STORED DATA:
········

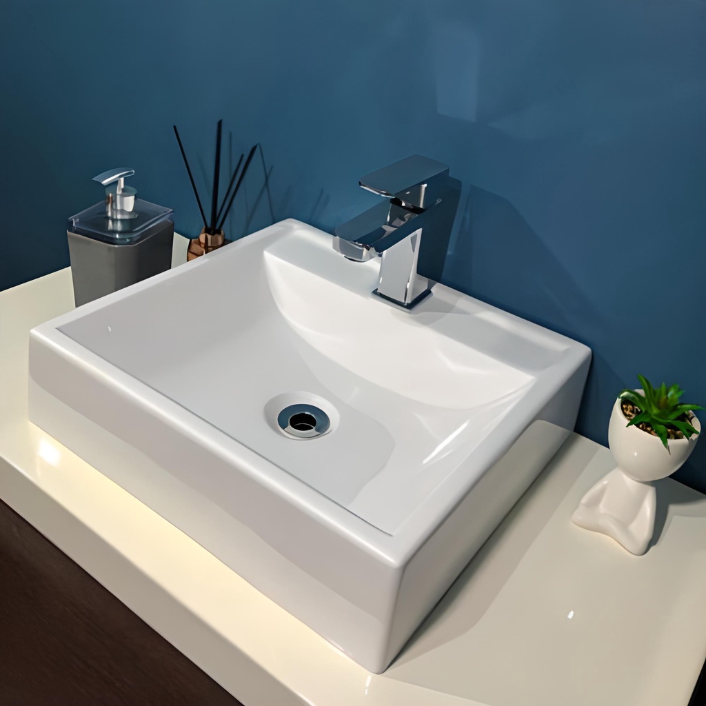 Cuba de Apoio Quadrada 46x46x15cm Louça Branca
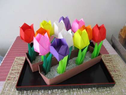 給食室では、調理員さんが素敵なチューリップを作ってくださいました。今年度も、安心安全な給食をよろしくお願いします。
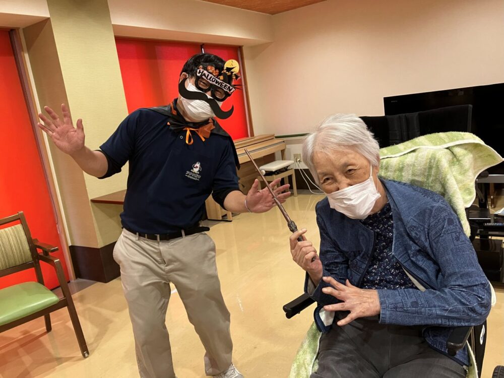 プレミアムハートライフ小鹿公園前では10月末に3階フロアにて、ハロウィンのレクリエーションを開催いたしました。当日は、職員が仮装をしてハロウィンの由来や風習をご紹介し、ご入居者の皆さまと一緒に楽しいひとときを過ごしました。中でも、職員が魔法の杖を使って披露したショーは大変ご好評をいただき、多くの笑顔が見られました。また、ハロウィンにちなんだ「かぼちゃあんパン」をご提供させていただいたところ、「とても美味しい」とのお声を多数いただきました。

········

Could you transcribe exactly the lines from the one with "給食室では、調理員さんが素敵" through the end of the data, both ends included, and nothing else, skipping the pictures?

 給食室では、調理員さんが素敵なチューリップを作ってくださいました。今年度も、安心安全な給食をよろしくお願いします。
 プレミアムハートライフ小鹿公園前では10月末に3階フロアにて、ハロウィンのレクリエーションを開催いたしました。当日は、職員が仮装をしてハロウィンの由来や風習をご紹介し、ご入居者の皆さまと一緒に楽しいひとときを過ごしました。中でも、職員が魔法の杖を使って披露したショーは大変ご好評をいただき、多くの笑顔が見られました。また、ハロウィンにちなんだ「かぼちゃあんパン」をご提供させていただいたところ、「とても美味しい」とのお声を多数いただきました。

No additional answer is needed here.